**How to complete this task:**
After locating the line with "Gain a holistic" in the data that follows, return it and every later line exactly, up to and including the line with "5月7日,施工人員正在對河西".

--- Extracted material Enclosed Below ---

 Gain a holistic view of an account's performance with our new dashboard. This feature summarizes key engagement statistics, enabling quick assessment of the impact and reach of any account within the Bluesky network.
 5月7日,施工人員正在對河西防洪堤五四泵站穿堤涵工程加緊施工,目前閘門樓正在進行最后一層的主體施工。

--- End of Enclosed Extracted material ---
--- Extracted material Enclosed Below ---

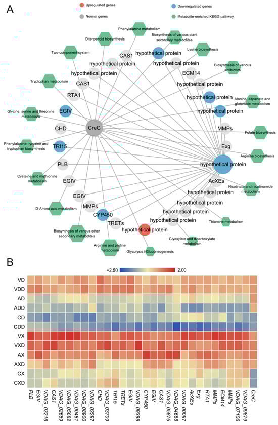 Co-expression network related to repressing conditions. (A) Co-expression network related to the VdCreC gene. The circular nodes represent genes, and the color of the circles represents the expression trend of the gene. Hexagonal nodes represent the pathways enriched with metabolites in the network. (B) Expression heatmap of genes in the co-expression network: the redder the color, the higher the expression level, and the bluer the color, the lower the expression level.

--- End of Enclosed Extracted material ---
--- Extracted material Enclosed Below ---

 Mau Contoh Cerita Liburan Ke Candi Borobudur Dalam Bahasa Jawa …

--- End of Enclosed Extracted material ---

**Response to the task:**
 Gain a holistic view of an account's performance with our new dashboard. This feature summarizes key engagement statistics, enabling quick assessment of the impact and reach of any account within the Bluesky network.
 5月7日,施工人員正在對河西防洪堤五四泵站穿堤涵工程加緊施工,目前閘門樓正在進行最后一層的主體施工。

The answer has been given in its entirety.